*RECORDS FOR THE TASK*:

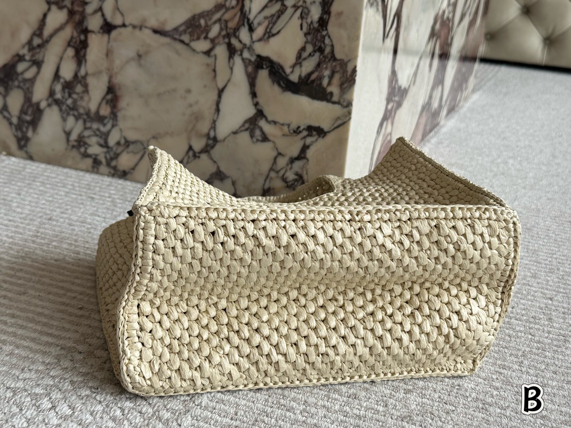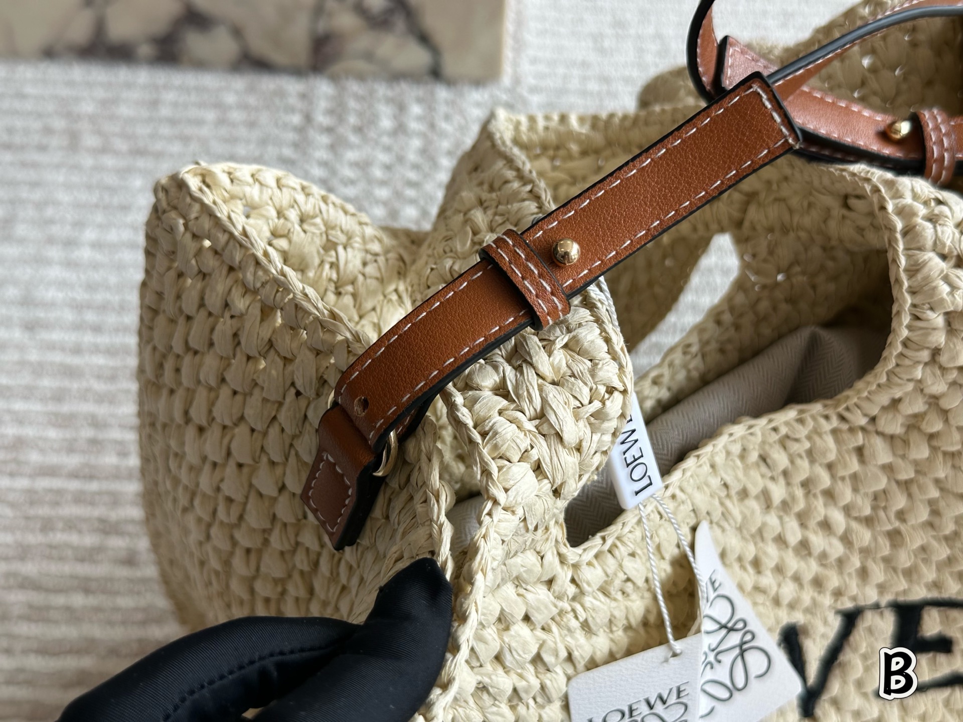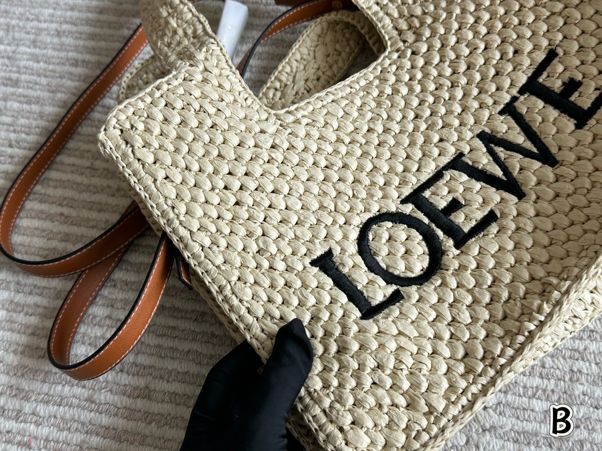 ロエベ 草編みトートバッグ ロゴ刺繍 ブラウンストラップ 1色入 🌞
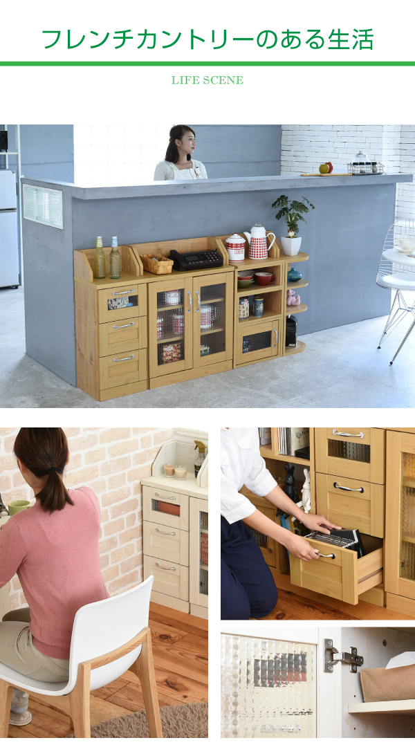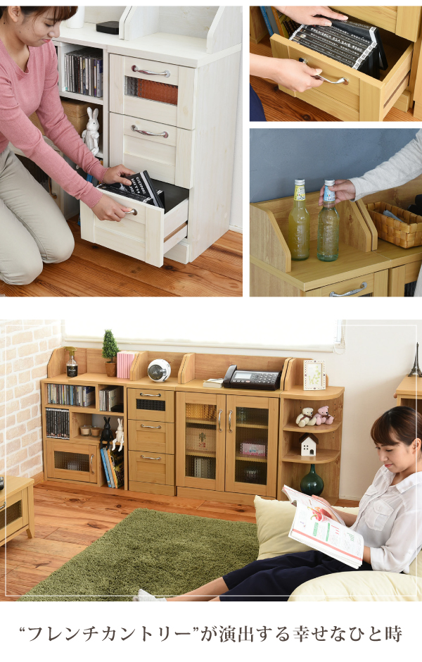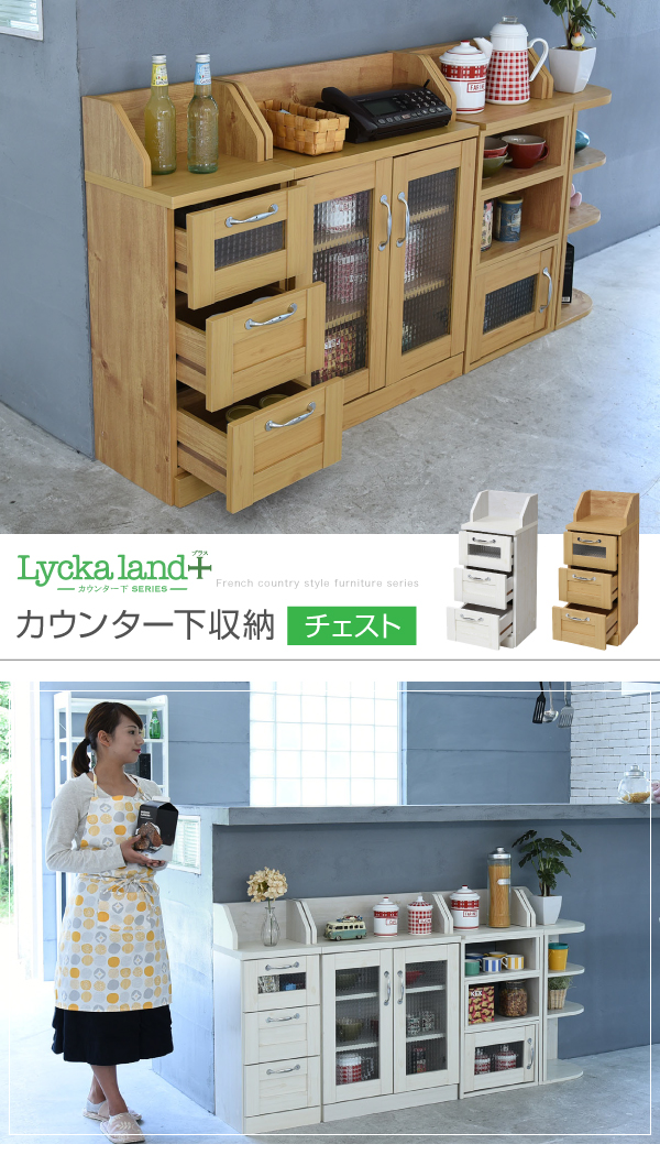 フレンチカントリー家具 カウンター下収納 チェスト 幅30 FLL-0017 キッチン収納 引き出し リビングラック キッチンカウンター 収納棚 ローチェスト カントリー調 ホワイト ナチュラル
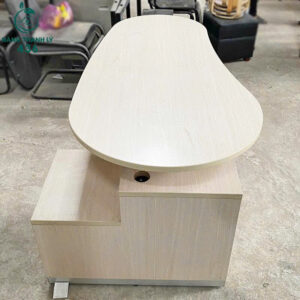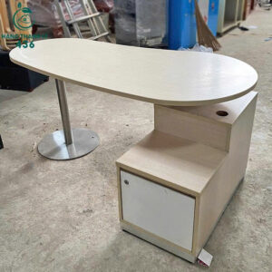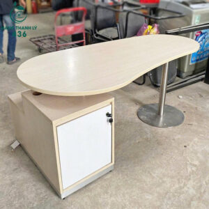 - Mô tả: Mặt bàn được thiết kế hình oval độc đáo, làm từ gỗ công nghiệp cao cấp với vân gỗ sáng, tạo cảm giác rộng rãi và thoải mái. Sản phẩm nổi bật với chân trụ kim loại vững chắc kết hợp cùng một hộc tủ liền bàn tiện lợi, cung cấp không gian lý tưởng để lưu trữ hồ sơ và vật dụng cá nhân một cách ngăn nắp.
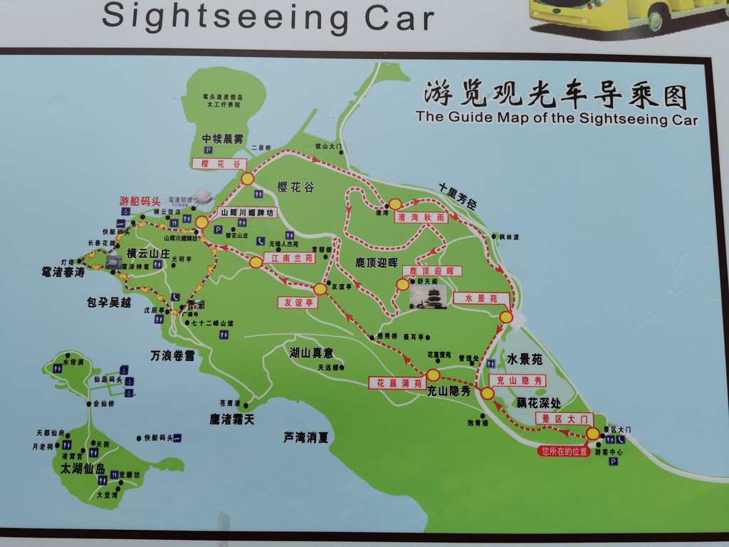 鼋头渚景区有两个进出的大门,一个是充山大门,另外个是犊山大门,建议还是从充山大门进景区,正大门旁有接送游客的电瓶车,且都是行驶于景区的主要景点,景区比较大,建议还是乘坐景区内的电瓶车比较方便些。
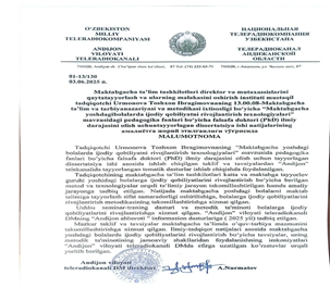 Individual ta’lim tizimida talabalarni ilmiy faoliyatga yonaltirishda talabalarning shaxsiy kompitentligini yonaltirishda “Ustoz-shogird” tizimida maqolalar chop etildi. 2.Teshabayeva Z.S. Chirchiq Davlat Pedagogika Universiteti “Maktabgacha ta’lim pedagogikasi” kafedrasi dotsenti, p,f,f,d (PhD) Normurodova S.L. Chirchiq davlat pedagogika universiteti 2-bosqich talabas“Maktabgacha ta’lim tashkiloti turli yosh guruhi tarbiyalanuvchilarida ijtimoiy munosabatlarnini shakllantirish texnologiyalari“// “МУҒАЛЛИМ ҲӘМ ҮЗЛИКСИЗ БИЛИМЛЕНДИРИЎ 2025 yil № 2 \3 son 377-381 b.
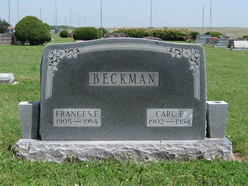 | Beckman | Frances E. | 1905 | 1984 | Same stone as Carl E. Beckman. Obit | | |
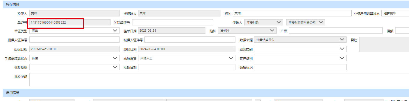 【核心系统】导入费用结算保单号和生成流水保单号不一致
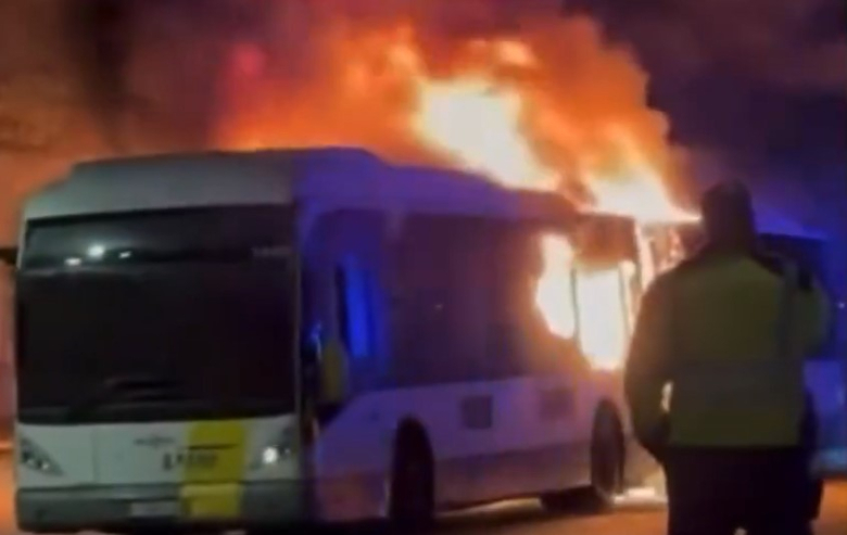 05.11.2025, Club Brugge🇧🇪 - Barcelona🇪🇸, Barcelona fans with flares in bus, then the bus burned down., click here for more: https://t.co/t8E4vD4pJT

*WHAT YOU HAVE TO DO*:
Begin at the line containing "鼋头渚景区有两个进出的大门,一个是充山大" and restate exactly every line through the end of the material, skipping the pictures.

*RESULT*:
 鼋头渚景区有两个进出的大门,一个是充山大门,另外个是犊山大门,建议还是从充山大门进景区,正大门旁有接送游客的电瓶车,且都是行驶于景区的主要景点,景区比较大,建议还是乘坐景区内的电瓶车比较方便些。
 Individual ta’lim tizimida talabalarni ilmiy faoliyatga yonaltirishda talabalarning shaxsiy kompitentligini yonaltirishda “Ustoz-shogird” tizimida maqolalar chop etildi. 2.Teshabayeva Z.S. Chirchiq Davlat Pedagogika Universiteti “Maktabgacha ta’lim pedagogikasi” kafedrasi dotsenti, p,f,f,d (PhD) Normurodova S.L. Chirchiq davlat pedagogika universiteti 2-bosqich talabas“Maktabgacha ta’lim tashkiloti turli yosh guruhi tarbiyalanuvchilarida ijtimoiy munosabatlarnini shakllantirish texnologiyalari“// “МУҒАЛЛИМ ҲӘМ ҮЗЛИКСИЗ БИЛИМЛЕНДИРИЎ 2025 yil № 2 \3 son 377-381 b.
 | Beckman | Frances E. | 1905 | 1984 | Same stone as Carl E. Beckman. Obit | | |
 【核心系统】导入费用结算保单号和生成流水保单号不一致
 05.11.2025, Club Brugge🇧🇪 - Barcelona🇪🇸, Barcelona fans with flares in bus, then the bus burned down., click here for more: https://t.co/t8E4vD4pJT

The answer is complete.